» **TASK INSTRUCTIONS**: Every line of the listing below needs to be reproduced exactly.

» **DATA UNDER STUDY**:
++++

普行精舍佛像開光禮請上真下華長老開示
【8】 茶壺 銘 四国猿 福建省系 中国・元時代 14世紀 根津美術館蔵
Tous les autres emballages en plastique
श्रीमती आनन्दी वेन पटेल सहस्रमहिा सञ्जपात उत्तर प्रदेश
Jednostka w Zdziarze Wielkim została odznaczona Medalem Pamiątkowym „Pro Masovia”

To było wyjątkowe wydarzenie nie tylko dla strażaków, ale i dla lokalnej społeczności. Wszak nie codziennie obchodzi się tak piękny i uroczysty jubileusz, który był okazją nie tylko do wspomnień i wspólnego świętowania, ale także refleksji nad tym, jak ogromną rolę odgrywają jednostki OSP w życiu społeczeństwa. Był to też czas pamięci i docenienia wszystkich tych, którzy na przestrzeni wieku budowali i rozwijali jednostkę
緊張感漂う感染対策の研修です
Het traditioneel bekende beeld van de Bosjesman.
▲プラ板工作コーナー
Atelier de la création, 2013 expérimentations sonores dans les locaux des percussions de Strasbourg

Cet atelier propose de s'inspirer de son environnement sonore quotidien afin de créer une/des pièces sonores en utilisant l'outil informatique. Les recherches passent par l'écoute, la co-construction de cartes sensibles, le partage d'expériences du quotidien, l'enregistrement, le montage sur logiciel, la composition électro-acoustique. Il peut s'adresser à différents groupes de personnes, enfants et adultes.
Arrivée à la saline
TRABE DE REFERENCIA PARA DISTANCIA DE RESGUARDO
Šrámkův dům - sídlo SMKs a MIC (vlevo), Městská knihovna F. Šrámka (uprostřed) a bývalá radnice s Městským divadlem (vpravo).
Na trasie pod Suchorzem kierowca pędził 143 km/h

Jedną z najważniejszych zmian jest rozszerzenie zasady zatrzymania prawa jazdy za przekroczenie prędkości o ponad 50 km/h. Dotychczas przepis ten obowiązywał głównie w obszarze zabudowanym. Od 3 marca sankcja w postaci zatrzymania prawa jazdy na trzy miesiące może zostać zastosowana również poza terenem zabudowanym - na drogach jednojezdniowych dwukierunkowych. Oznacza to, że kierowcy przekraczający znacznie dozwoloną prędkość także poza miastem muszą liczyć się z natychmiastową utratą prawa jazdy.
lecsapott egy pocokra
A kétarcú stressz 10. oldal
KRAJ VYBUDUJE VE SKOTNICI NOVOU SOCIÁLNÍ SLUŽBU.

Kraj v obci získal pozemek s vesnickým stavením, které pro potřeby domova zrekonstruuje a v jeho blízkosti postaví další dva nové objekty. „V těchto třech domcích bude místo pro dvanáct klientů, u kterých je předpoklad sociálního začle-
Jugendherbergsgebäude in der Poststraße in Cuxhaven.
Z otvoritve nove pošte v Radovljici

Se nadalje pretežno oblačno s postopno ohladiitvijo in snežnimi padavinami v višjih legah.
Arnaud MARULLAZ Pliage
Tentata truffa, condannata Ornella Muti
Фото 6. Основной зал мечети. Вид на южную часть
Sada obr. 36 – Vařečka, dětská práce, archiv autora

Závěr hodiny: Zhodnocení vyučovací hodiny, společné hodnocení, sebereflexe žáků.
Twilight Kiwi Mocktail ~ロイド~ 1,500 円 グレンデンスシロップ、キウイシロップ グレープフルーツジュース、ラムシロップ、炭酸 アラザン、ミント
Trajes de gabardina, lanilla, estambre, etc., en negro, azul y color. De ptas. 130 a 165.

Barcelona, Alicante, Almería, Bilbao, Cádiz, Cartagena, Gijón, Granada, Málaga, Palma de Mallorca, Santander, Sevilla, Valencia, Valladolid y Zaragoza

++++

» **OUTPUT FOR THIS EXERCISE**:
普行精舍佛像開光禮請上真下華長老開示
【8】 茶壺 銘 四国猿 福建省系 中国・元時代 14世紀 根津美術館蔵
Tous les autres emballages en plastique
श्रीमती आनन्दी वेन पटेल सहस्रमहिा सञ्जपात उत्तर प्रदेश
Jednostka w Zdziarze Wielkim została odznaczona Medalem Pamiątkowym „Pro Masovia”

To było wyjątkowe wydarzenie nie tylko dla strażaków, ale i dla lokalnej społeczności. Wszak nie codziennie obchodzi się tak piękny i uroczysty jubileusz, który był okazją nie tylko do wspomnień i wspólnego świętowania, ale także refleksji nad tym, jak ogromną rolę odgrywają jednostki OSP w życiu społeczeństwa. Był to też czas pamięci i docenienia wszystkich tych, którzy na przestrzeni wieku budowali i rozwijali jednostkę
緊張感漂う感染対策の研修です
Het traditioneel bekende beeld van de Bosjesman.
▲プラ板工作コーナー
Atelier de la création, 2013 expérimentations sonores dans les locaux des percussions de Strasbourg

Cet atelier propose de s'inspirer de son environnement sonore quotidien afin de créer une/des pièces sonores en utilisant l'outil informatique. Les recherches passent par l'écoute, la co-construction de cartes sensibles, le partage d'expériences du quotidien, l'enregistrement, le montage sur logiciel, la composition électro-acoustique. Il peut s'adresser à différents groupes de personnes, enfants et adultes.
Arrivée à la saline
TRABE DE REFERENCIA PARA DISTANCIA DE RESGUARDO
Šrámkův dům - sídlo SMKs a MIC (vlevo), Městská knihovna F. Šrámka (uprostřed) a bývalá radnice s Městským divadlem (vpravo).
Na trasie pod Suchorzem kierowca pędził 143 km/h

Jedną z najważniejszych zmian jest rozszerzenie zasady zatrzymania prawa jazdy za przekroczenie prędkości o ponad 50 km/h. Dotychczas przepis ten obowiązywał głównie w obszarze zabudowanym. Od 3 marca sankcja w postaci zatrzymania prawa jazdy na trzy miesiące może zostać zastosowana również poza terenem zabudowanym - na drogach jednojezdniowych dwukierunkowych. Oznacza to, że kierowcy przekraczający znacznie dozwoloną prędkość także poza miastem muszą liczyć się z natychmiastową utratą prawa jazdy.
lecsapott egy pocokra
A kétarcú stressz 10. oldal
KRAJ VYBUDUJE VE SKOTNICI NOVOU SOCIÁLNÍ SLUŽBU.

Kraj v obci získal pozemek s vesnickým stavením, které pro potřeby domova zrekonstruuje a v jeho blízkosti postaví další dva nové objekty. „V těchto třech domcích bude místo pro dvanáct klientů, u kterých je předpoklad sociálního začle-
Jugendherbergsgebäude in der Poststraße in Cuxhaven.
Z otvoritve nove pošte v Radovljici

Se nadalje pretežno oblačno s postopno ohladiitvijo in snežnimi padavinami v višjih legah.
Arnaud MARULLAZ Pliage
Tentata truffa, condannata Ornella Muti
Фото 6. Основной зал мечети. Вид на южную часть
Sada obr. 36 – Vařečka, dětská práce, archiv autora

Závěr hodiny: Zhodnocení vyučovací hodiny, společné hodnocení, sebereflexe žáků.
Twilight Kiwi Mocktail ~ロイド~ 1,500 円 グレンデンスシロップ、キウイシロップ グレープフルーツジュース、ラムシロップ、炭酸 アラザン、ミント
Trajes de gabardina, lanilla, estambre, etc., en negro, azul y color. De ptas. 130 a 165.

Barcelona, Alicante, Almería, Bilbao, Cádiz, Cartagena, Gijón, Granada, Málaga, Palma de Mallorca, Santander, Sevilla, Valencia, Valladolid y Zaragoza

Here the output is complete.